Solar cookers for border security forces in desert regions
The most recent training session concluded in February 2015 saw the record number of 56 participants arriving from all corners of the country. The session provided field demonstrations of various solar thermal cooking models developed for domestic and community use. Ankit Ramoliya, an engineer and a first-generation entrepreneur from Surat in Gujarat state, thought the workshop to be a good forum for meeting like-minded people. “The training session offered me great networking opportunities, which was the biggest takeaway,” Ramoliya said, satisfied.
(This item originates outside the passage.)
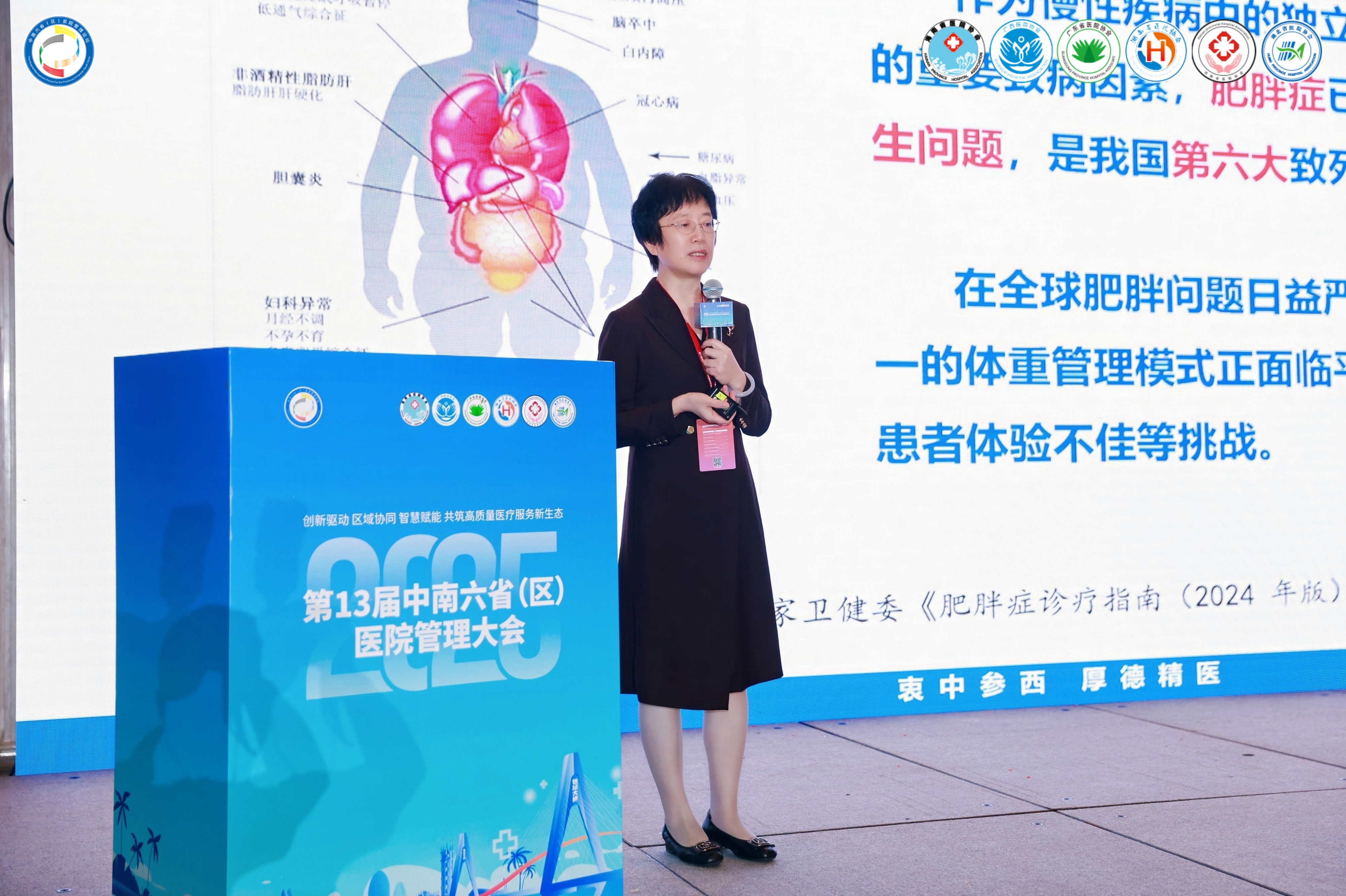 在“聚焦健康管理,共话学科发展”专题会议上,唐红珍以《中西医结合体重管理中心建设的实践与思考》为题进行专题授课,系统分享了医院在该领域的实践成果。她介绍,医院构建了“以中医为指导的中西医结合三位一体”体重管理新模式,强调内调外治、标本兼治,形成“调体质→减体重→防反弹”的闭环管理体系。该模式不仅关注体重的短期下降,更注重患者体质调理与长期健康维护,在全国体重管理中心建设中展现出显著的中西医整合特色与推广潜力。

The workshop introduced an improved solar cooker with 4 m2 of aperture area (see the photo above). It is suitable for midday meals in schools and for border security forces in desert regions. Chandak said he had modified the design so as to precisely focus the solar rays on the pot at all times, and he claimed that his system offered better efficiency than a Scheffler cooker. In addition, the new models have chamfered edges, which gusty winds cannot deform.
India has over 1.2 million rural schools at which lunch needs cooking, and PRINCE plans to focus its training sessions on exploring entrepreneurial opportunities, so that solar thermal can supply part of the required cooking energy. Similarly, it would like to train the defence personnel posted at national borders in maintaining solar cooking systems.